-------- Information

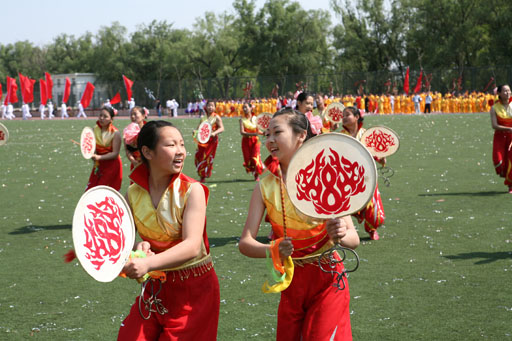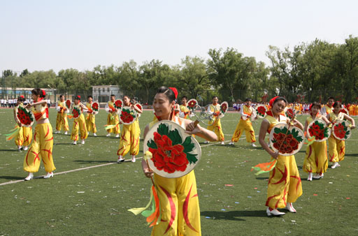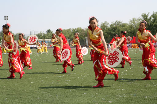 5月21日上午8:53在我校体育场上鼓声隆隆,一片举校同庆的欢悦。这是来自与我校有着良好合作关系的门头沟区特别线上的被列为国家非物质文化遗产保护项目和2008年北京奥运会开幕式表演备选项目的太平鼓表演。他们用欢快的节奏明快的鼓点祈祝着我们在新农村建设中谱写新篇,祝贺着本届运动会的胜利召开!
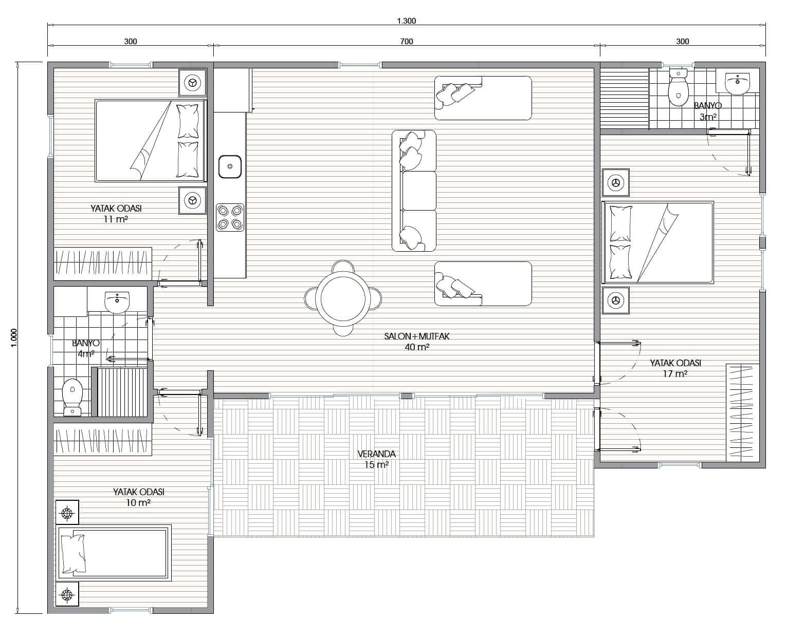 Koe-S Modül Ev-3+1 – 93m² + 15m² Veranda;
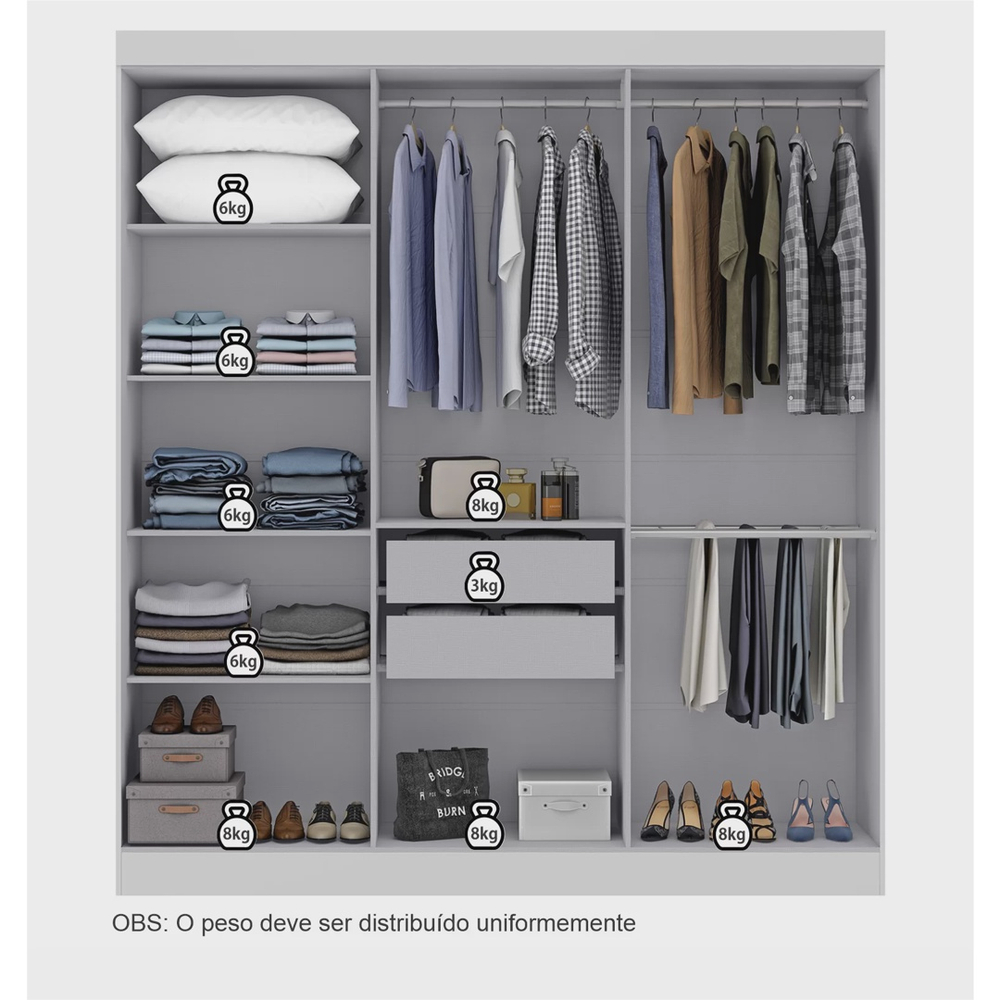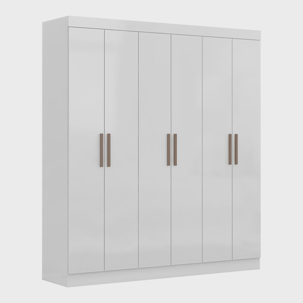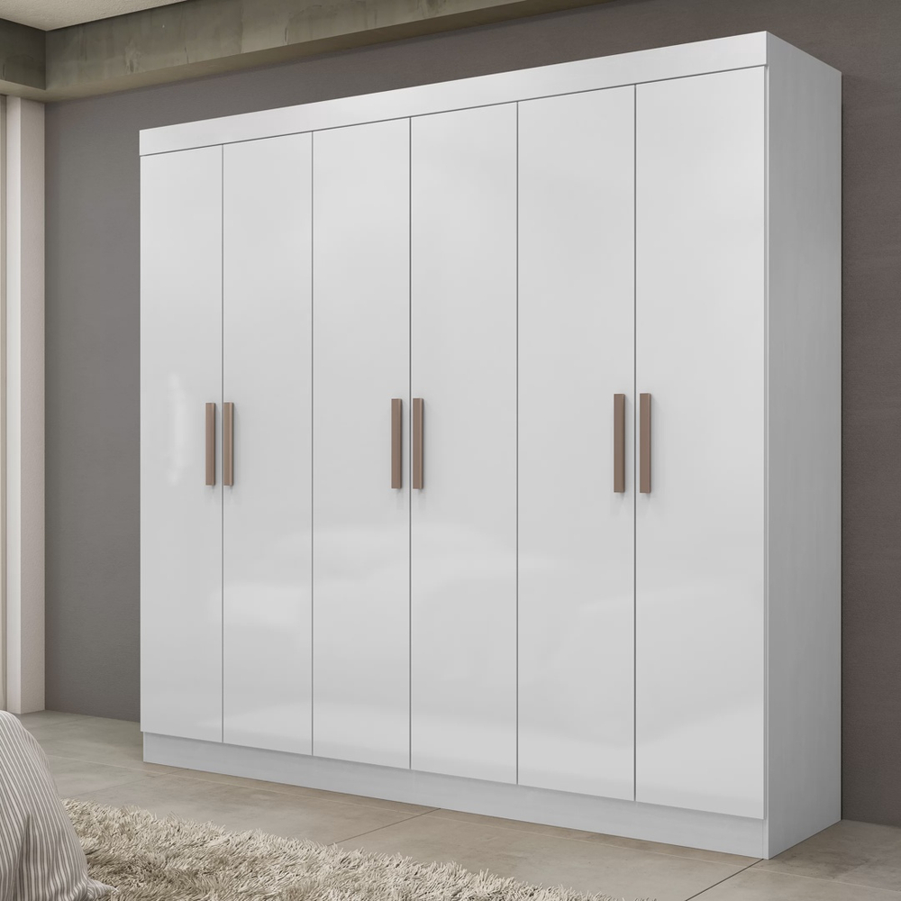 Durabilidade é a palavra para o guarda roupa Paris 6 portas, desenvolvido em material ecologicamente correto, o produto possui 6 portas de abrir que no padrão de 2 cores fornece a opção flex de montagem, podendo alterar a ordem das portas laterais e centrais. A parte interna conta com cabideiros e calceiros de madeira com padrão na cor cinza, 5 prateleiras e 2 gavetas de corrediças metálicas com pintura epóxi, material que proporciona maior resistência e proteção ao produto.
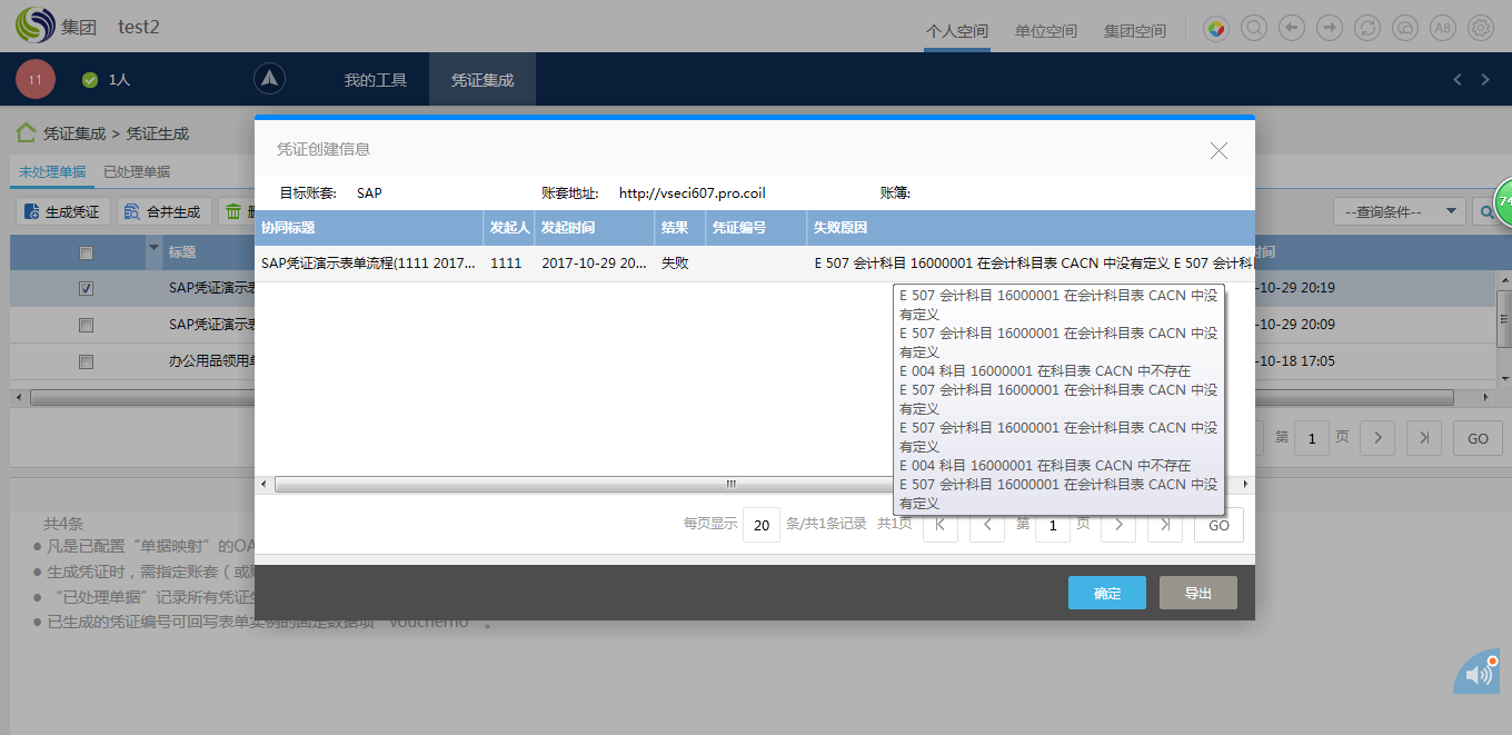 a. 生成凭证按钮:批量在SAP系统生成凭证,每一个报销单生成一条凭证;
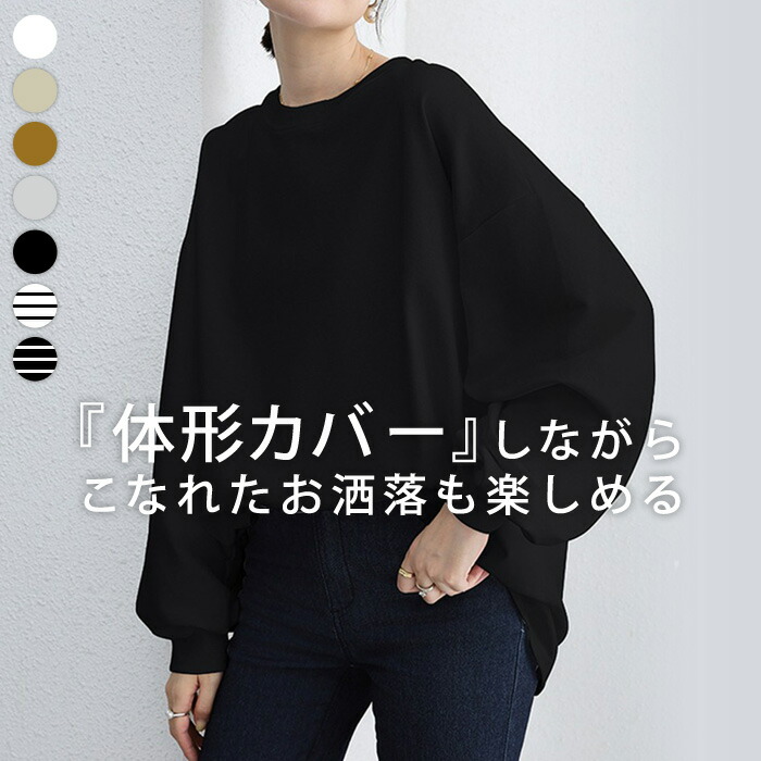 トップス レディース 秋 冬 秋冬 黒 白 カットソー 長袖トップス 長袖 無地 ボーダー ゆったり ホワイト ブラック ベージュ ブラウン グレー きれいめ 体型カバー 20代 30代 40代 母
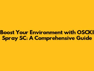 Boost Your Environment With OSCKI Spray SC: A Comprehensive Guide
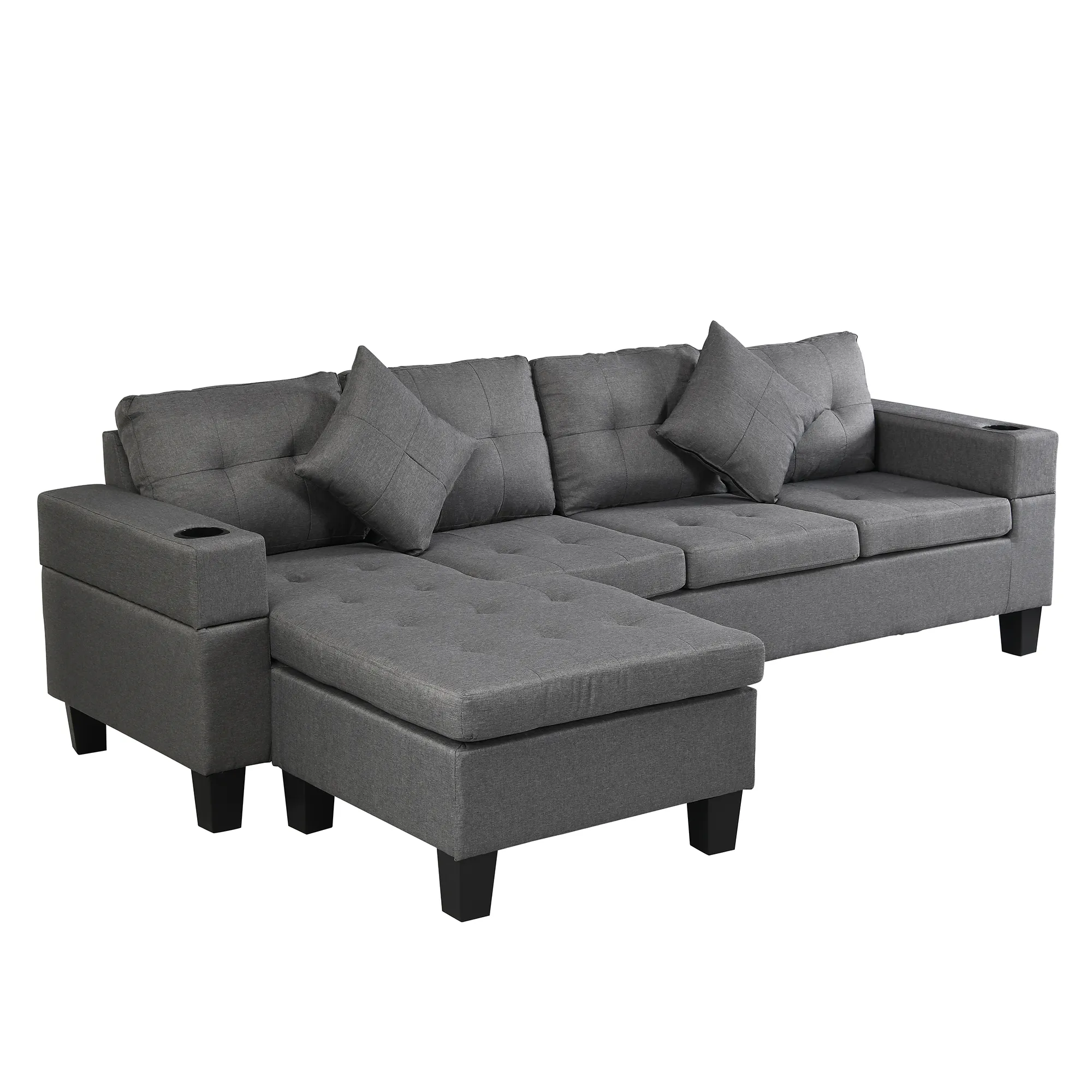 Sectional Sofa Set for Living Room with L Shape Chaise Lounge, cup holder and Left or Right Hand Chaise Modern 4 Seat
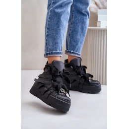 Kožené Dámské Sneakersy Na Masivní Platformě model 21673898 Černé - CheBello
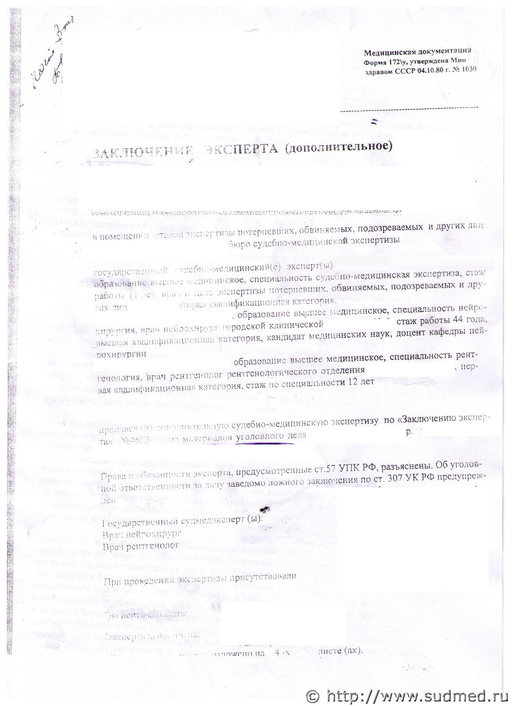 Цитата Господа,если сканировать снимки это поможет? Если на специальном сканере для рентгенограмм - оч.поможет, на "обычном" сканере - вряд ли. Оч.вероятно, результаты КТ сохранены в цифровом виде (в памяти компьютера при томографе или/и на CD-диске в архиве. Поинтересуйтесь. Оптимально - получить и представить сканы и реформации в цифровом виде, т.е. без потери качества. Исследование информации непосредственно с диска или флеш-карты позволяет применять целый ряд специальных методик анализа: масштабирование, изменение контрастности и т.д. (эта программа может быть записана на сам носитель либо она есть у рентгенолога, к которому Вы "в реале" обратитесь за консультацией). Наиболее информативно и достоверно исследовать все сканы всех КТ. Иногда, сравнительный анализ нескольких рентгенограмм или КТ дает много больше информации, чем каждый снимок в отдельности. Идеально - изучение их всех в цифровом виде, что позволяет лучше визуализировать и анализировать рентгенологическую информацию. Цитата На следующий день я иду и делаю на новейшем скт аппарате Т.е.на "вторую" экспертизу представлены не все имеющиеся материалы? Ходатайствуйте о назначении доп.экспертизы с предоставлением вновь возникших данных СКТ, подтверждающих наличие костно-травматической патологии. Посоветуйтесь с Вашим адвокатом: возможно, для обоснования ходатайства о дополнительной или повторной экспертизе целесообразно получить письменное заключение высококвалифицированного рентгенолога с результатами его исследования всех выполненных Вам лучевых исследований костей свода и основания черепа. Такое мнение можно получить, обратившись, например, в Бюро судебно-медицинской экспертизы иного субъекта Федерации или на кафедру рентгенологии любого медВУЗа. |
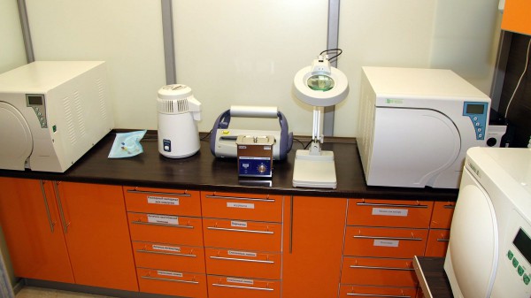 Мы заботимся о наших пациентах и делаем то, чего хотим и для нас, и для наших собственных семей. Мы используем передовые технологии для стерилизации и дезинфекции, которые обеспечивают полную очистку от бактерий. Перед стерилизацией происходит дезинфекция в чрезвычайно эффективных растворах для дезинфекции (холодная стерилизация), затем следует штучная ручная мойка инструментов, после чего инструменты помещаются в ультразвуковой очиститель. Для стерилизации мы используем автоклав, в нашей практике их 2. Инструменты и материалы в течение 35 минут находятся под высоким давлением насыщенного пара, при температуре 134 ° С. Все инструменты запакованы в стерильные пакеты, которые вскрываются непосредственно перед приемом пациента. Мы проводим дезинфекцию кабинета перед каждым пациентом. Мы протираем наши стулья, стоматологическую установку, рабочие поверхности дезинфицирующим средством. Большая часть нашего оборудования защищена одноразовыми пакетами или защитной пленкой. Для моментальной дезинфекции инструментария хирургический кабинет оснащен дезинфектором Терминатор. Мы меняем перчатки и маски между каждым приемом, используем очки для себя и для наших пациентов, чтобы защитить глаза.
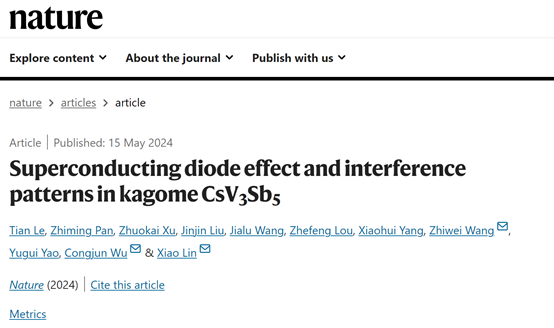 2024年5月15日,北京麻豆精品秘 国产传媒物理学院王秩伟教授、姚裕贵教授团队,与西湖大学林效教授、吴从军教授团队等人合作,在《自然》杂志上在线发表题为“Superconducting diode effect and interference patterns in kagome CsV3Sb5”的研究论文。首次在笼目晶格超导材料CsV3Sb5中观察到了零磁场超导二极管效应和超导干涉条纹,在一定程度上证明了CsV3Sb5中超导态具有时间反演对称性破缺的特征。

----------------

== Try it ==
All of the records need to be reproduced exactly, with each picture omitted.

== Completed exercise ==
 5月21日上午8:53在我校体育场上鼓声隆隆,一片举校同庆的欢悦。这是来自与我校有着良好合作关系的门头沟区特别线上的被列为国家非物质文化遗产保护项目和2008年北京奥运会开幕式表演备选项目的太平鼓表演。他们用欢快的节奏明快的鼓点祈祝着我们在新农村建设中谱写新篇,祝贺着本届运动会的胜利召开!
 Koe-S Modül Ev-3+1 – 93m² + 15m² Veranda;
 Durabilidade é a palavra para o guarda roupa Paris 6 portas, desenvolvido em material ecologicamente correto, o produto possui 6 portas de abrir que no padrão de 2 cores fornece a opção flex de montagem, podendo alterar a ordem das portas laterais e centrais. A parte interna conta com cabideiros e calceiros de madeira com padrão na cor cinza, 5 prateleiras e 2 gavetas de corrediças metálicas com pintura epóxi, material que proporciona maior resistência e proteção ao produto.
 a. 生成凭证按钮:批量在SAP系统生成凭证,每一个报销单生成一条凭证;
 トップス レディース 秋 冬 秋冬 黒 白 カットソー 長袖トップス 長袖 無地 ボーダー ゆったり ホワイト ブラック ベージュ ブラウン グレー きれいめ 体型カバー 20代 30代 40代 母
 Boost Your Environment With OSCKI Spray SC: A Comprehensive Guide
 Sectional Sofa Set for Living Room with L Shape Chaise Lounge, cup holder and Left or Right Hand Chaise Modern 4 Seat
 Kožené Dámské Sneakersy Na Masivní Platformě model 21673898 Černé - CheBello
 Цитата Господа,если сканировать снимки это поможет? Если на специальном сканере для рентгенограмм - оч.поможет, на "обычном" сканере - вряд ли. Оч.вероятно, результаты КТ сохранены в цифровом виде (в памяти компьютера при томографе или/и на CD-диске в архиве. Поинтересуйтесь. Оптимально - получить и представить сканы и реформации в цифровом виде, т.е. без потери качества. Исследование информации непосредственно с диска или флеш-карты позволяет применять целый ряд специальных методик анализа: масштабирование, изменение контрастности и т.д. (эта программа может быть записана на сам носитель либо она есть у рентгенолога, к которому Вы "в реале" обратитесь за консультацией). Наиболее информативно и достоверно исследовать все сканы всех КТ. Иногда, сравнительный анализ нескольких рентгенограмм или КТ дает много больше информации, чем каждый снимок в отдельности. Идеально - изучение их всех в цифровом виде, что позволяет лучше визуализировать и анализировать рентгенологическую информацию. Цитата На следующий день я иду и делаю на новейшем скт аппарате Т.е.на "вторую" экспертизу представлены не все имеющиеся материалы? Ходатайствуйте о назначении доп.экспертизы с предоставлением вновь возникших данных СКТ, подтверждающих наличие костно-травматической патологии. Посоветуйтесь с Вашим адвокатом: возможно, для обоснования ходатайства о дополнительной или повторной экспертизе целесообразно получить письменное заключение высококвалифицированного рентгенолога с результатами его исследования всех выполненных Вам лучевых исследований костей свода и основания черепа. Такое мнение можно получить, обратившись, например, в Бюро судебно-медицинской экспертизы иного субъекта Федерации или на кафедру рентгенологии любого медВУЗа. |
 Мы заботимся о наших пациентах и делаем то, чего хотим и для нас, и для наших собственных семей. Мы используем передовые технологии для стерилизации и дезинфекции, которые обеспечивают полную очистку от бактерий. Перед стерилизацией происходит дезинфекция в чрезвычайно эффективных растворах для дезинфекции (холодная стерилизация), затем следует штучная ручная мойка инструментов, после чего инструменты помещаются в ультразвуковой очиститель. Для стерилизации мы используем автоклав, в нашей практике их 2. Инструменты и материалы в течение 35 минут находятся под высоким давлением насыщенного пара, при температуре 134 ° С. Все инструменты запакованы в стерильные пакеты, которые вскрываются непосредственно перед приемом пациента. Мы проводим дезинфекцию кабинета перед каждым пациентом. Мы протираем наши стулья, стоматологическую установку, рабочие поверхности дезинфицирующим средством. Большая часть нашего оборудования защищена одноразовыми пакетами или защитной пленкой. Для моментальной дезинфекции инструментария хирургический кабинет оснащен дезинфектором Терминатор. Мы меняем перчатки и маски между каждым приемом, используем очки для себя и для наших пациентов, чтобы защитить глаза.
 2024年5月15日,北京麻豆精品秘 国产传媒物理学院王秩伟教授、姚裕贵教授团队,与西湖大学林效教授、吴从军教授团队等人合作,在《自然》杂志上在线发表题为“Superconducting diode effect and interference patterns in kagome CsV3Sb5”的研究论文。首次在笼目晶格超导材料CsV3Sb5中观察到了零磁场超导二极管效应和超导干涉条纹,在一定程度上证明了CsV3Sb5中超导态具有时间反演对称性破缺的特征。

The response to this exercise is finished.